The inefficient management of irrigation (e.g. the application of excess water) results in water and essential nutrients being transported through the soil profile to depths below the rooting zone. Such water and nutrient losses adversely affect not only environmental sustainability but also the economics of production. Therefore, minimizing these losses is important for efficient crop management practices (Stone et al., 1973; Molz, 1981).

Evapotranspiration (ET) is an important parameter for determining the irrigation requirements of fruit trees, especially in semiarid environments. The quantity of water to be applied depends, among other factors, on the soil type and the root depth (Doorenbos and Pruitt, 1977). Therefore, accurate measurements of the soil water content and continuous monitoring of the fate of applied water are required to minimize drainage and leaching losses below the relatively shallow root zone in trickle irrigation systems.

In semiarid environments, where water is scarce, it is necessary to determine exactly the crop water requirements at any given moment (García-Orellana et al., 2007). Water balance is a useful tool for evaluating crop evapotranspiration, water losses and water use efficiency in commercial crops (Flores and Ruiz, 1998). Evapotranspiration depends on both physiological and environmental factors (Barradas et al., 2005), and varies as a function of rainfall, irrigation, drainage, runoff, and water soil content variation (Cano et al., 1991). Therefore, measurement of the soil water content and drainage could provide a promising technique for precisely determining plant water requirements. Direct measurement of the soil water content is cumbersome and tedious, although several devices are available which may facilitate the task. The neutron probe (NP), based on neutron scattering, measures soil water content instantaneously, although systematic reading is necessary to characterize temporal variations in this parameter. Recently, new high performance measurement technology has been developed that provides quick precise data acquisition. For example, the multi-sensor capacitance probe (MCP) based on frequency domain reflectrometry (FDR) has simplified the soil water content measurements on temporal and spatial scales while providing acceptable accuracy (Fares and Alva, 2000; Starr, 2005).

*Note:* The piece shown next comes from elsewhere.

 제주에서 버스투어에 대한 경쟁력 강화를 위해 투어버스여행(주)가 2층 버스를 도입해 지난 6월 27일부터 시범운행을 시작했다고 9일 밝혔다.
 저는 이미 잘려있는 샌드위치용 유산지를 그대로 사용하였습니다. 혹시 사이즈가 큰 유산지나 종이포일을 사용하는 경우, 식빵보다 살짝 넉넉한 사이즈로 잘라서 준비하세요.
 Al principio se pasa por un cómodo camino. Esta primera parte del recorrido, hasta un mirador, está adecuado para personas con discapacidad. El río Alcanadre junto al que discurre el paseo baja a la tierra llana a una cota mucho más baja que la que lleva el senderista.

The aim of this work was to develop water balance, using neutron and multi-sensor capacitance probes, to estimate the evapotranspiration (ETc) of an apricot crop in a Mediterranean arid environment.

Materials and Methods

Plant material and experimental conditions

The study was carried out from January 2001 to May 2002 in a 2ha apricot orchard (Prunus armeniaca L., cv. Búlida, on Real Fino apricot rootstock), planted in 1986 with 8×8m plant spacing, on a loamy soil located in the province of Murcia, Spain (37^o52¢N, 1^o25¢W; 340masl). The soil water content was measured simultaneousely by neutron probe (NP), as described by Abrisqueta et al. (2001), and by multi-sensor capacitance probe (MCP) as explained below. Both devices measured volumetric soil water content and were previously calibrated (Mounzer et al., 2006).

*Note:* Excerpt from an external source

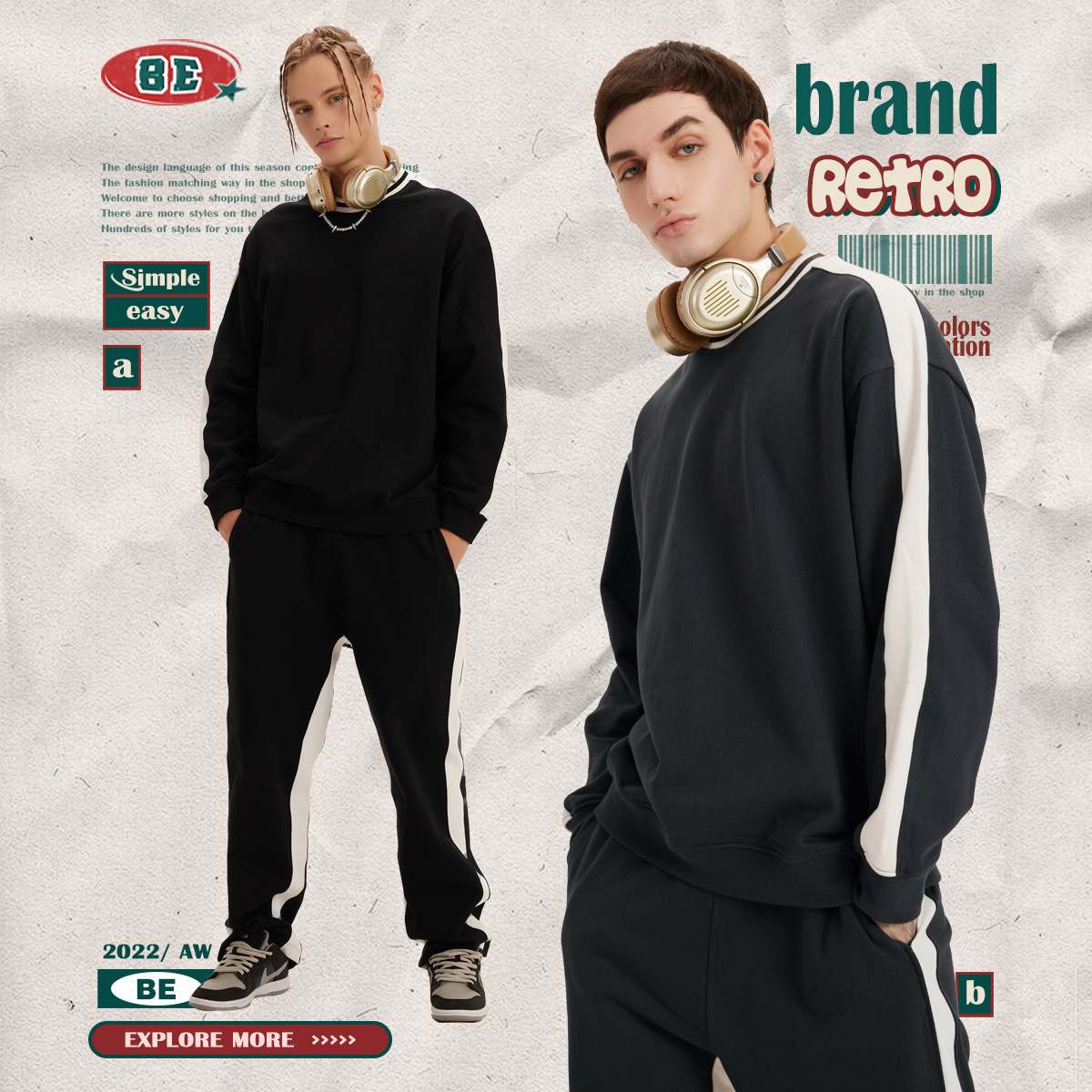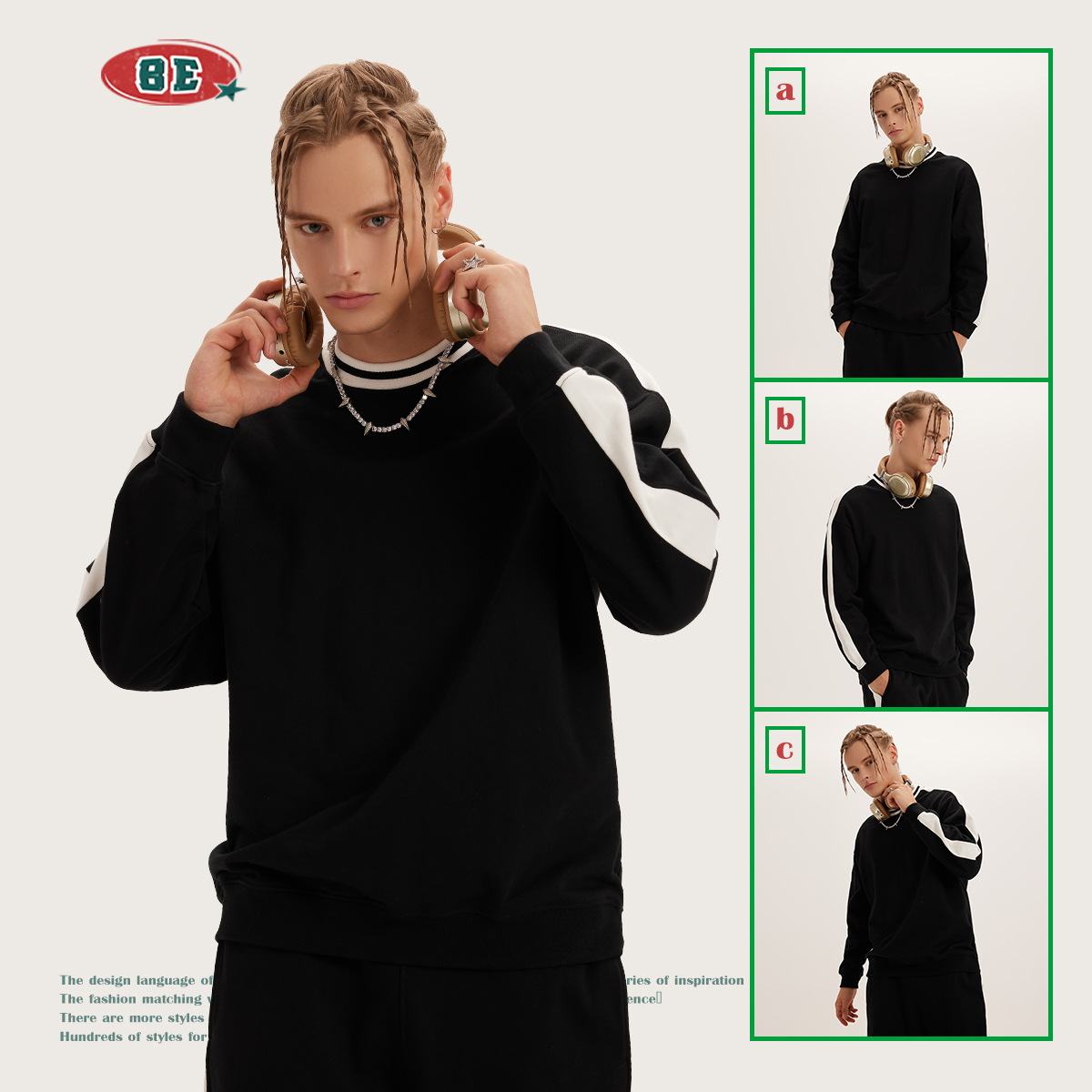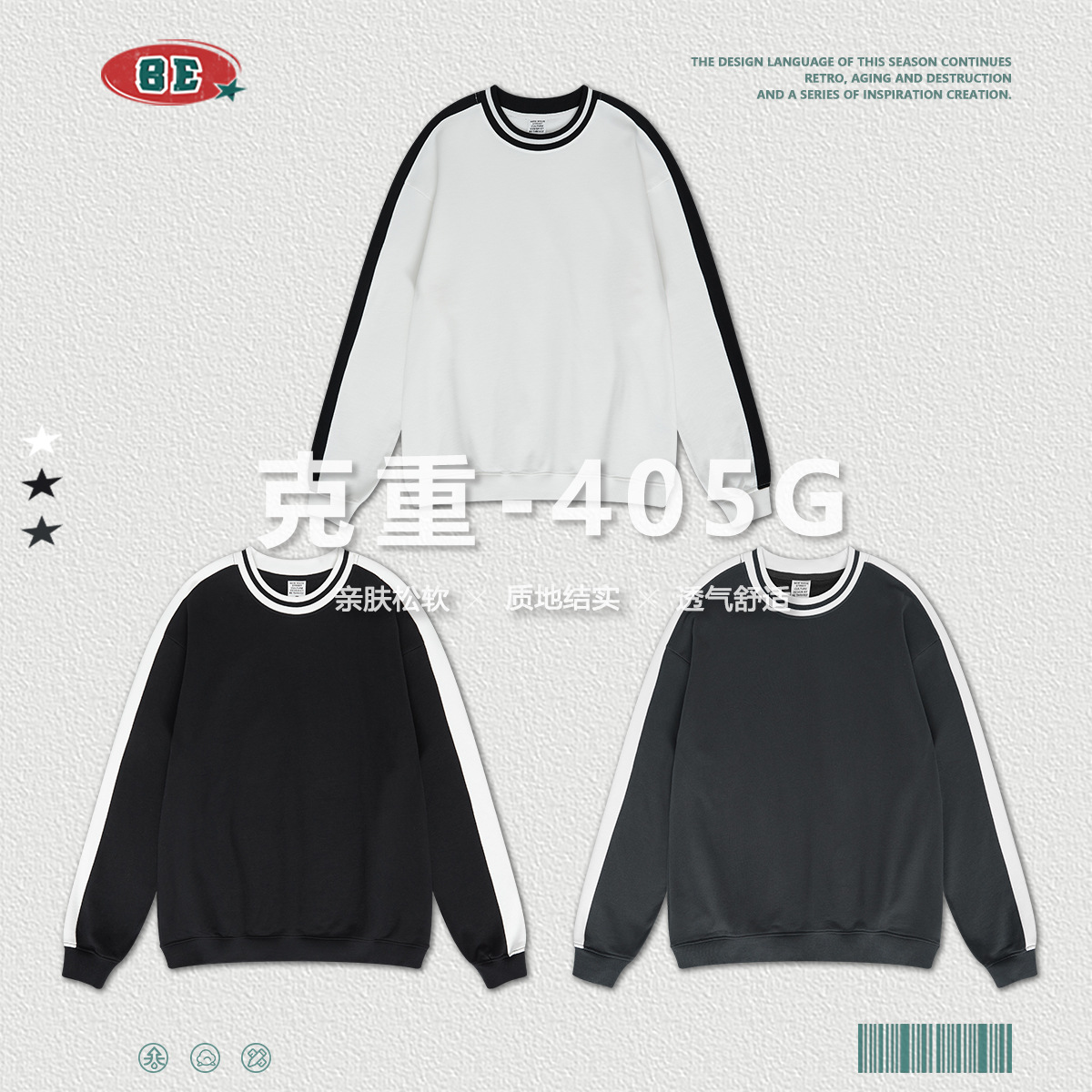 BEMen's Wear|Autumn And Winter American Round Neck Contrast Color Sweatshirt Men's Blank Shirt Loose Casual Couple Sports Suit

The trees were irrigated by a single drip irrigation line per tree row, with seven on-line auto-compensating emitters per tree, set 1m from each other (starting 1m from the trunk), each with a flow rate of 4l·h^-1. The estimated application efficiency of the emitters was 95%. The irrigation water amounts were scheduled weekly based on the reference evapotranspiration (ETc), determined by Penman-Monteith methodology (Allen et al., 1998) using data collected by an automatic meteorological station located in the orchard, multiplied by published crop coefficients (Doorenbos and Pruitt, 1977) and adjusted according to canopy size (Fereres et al., 1982).

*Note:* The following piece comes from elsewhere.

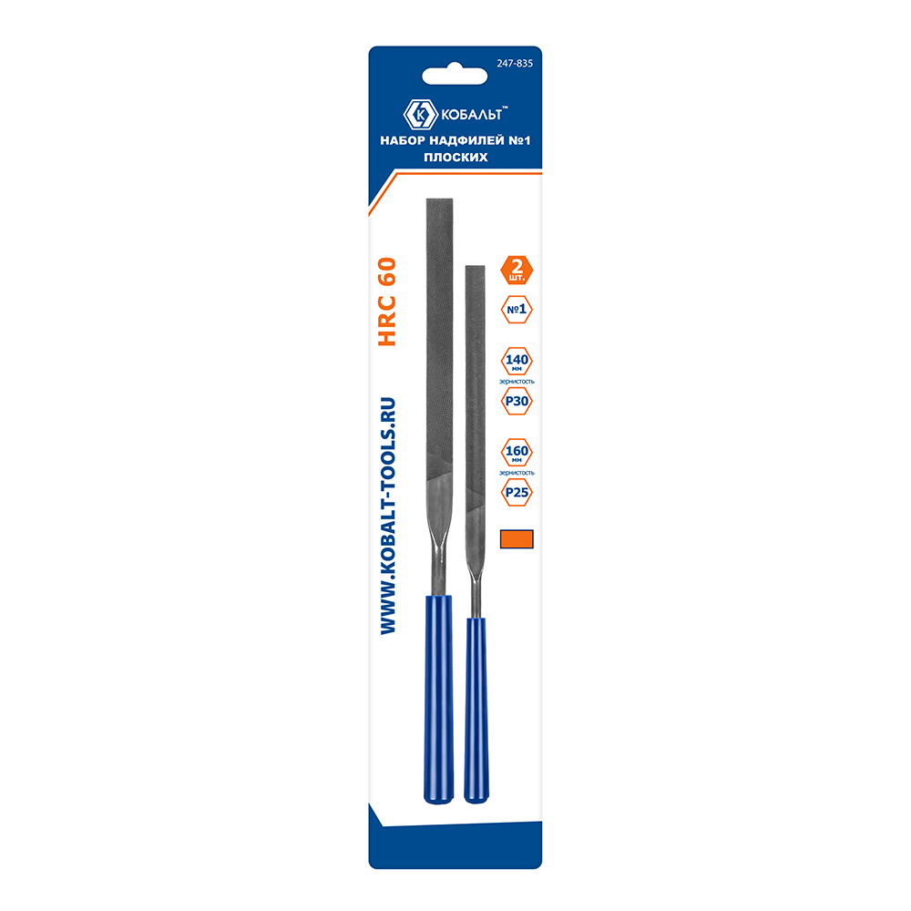 Набор надфилей КОБАЛЬТ плоских, насечка №1, длина рабочая/общая 140 х 60 мм (Р30) / 160 х 70 мм (Р25), 2 ШТУКИ, блистер (247-835) - цена, фото, технические характеристики

Soil water content measurements by MCP and NP

The soil water content through a 0.5m soil profile was monitored using a multi-sensor capacitance probe (MCP, AquaSpy Group Pty Ltd., model C-probe) and a neutron probe (NP, Troxler Electronic Laboratories, NC, model 4300) placed within the wetted bulb of the second emitter (from the tree trunk) of three randomly selected trees. The trees were selected from areas with mean textural characteristics, as indicated in Plana et al., (2002). The neutron probe measurements were made once or twice per week. Soil water content at 0.10m depth was measured using TDR (Ruiz-Sánchez et al., 2005). The PVC access tube of each MCP was installed using a special auger to ensure good contact between the tube and the soil. The bottom of the PVC access tubes were plugged with a rubber compression plug to prevent the entrance of water and vapor. An intrusion plastic bus was used to hold the four sensors at their respective depths. The probes were connected through a 7-pin cable to a Radio Transmission Unit (RTU), which read the frequency response at each sensor and stored data every 15min. The stored data was sent to the laboratory via radio signal through a relay station. Each probe was fitted with sensors at 0.1, 0.2, 0.3 and 0.5m depth. The water content at 0.4m depth was calculated as an average of the data obtained at 0.3 and 0.5m. The two deepest measurements served to estimate drainage below the root zone.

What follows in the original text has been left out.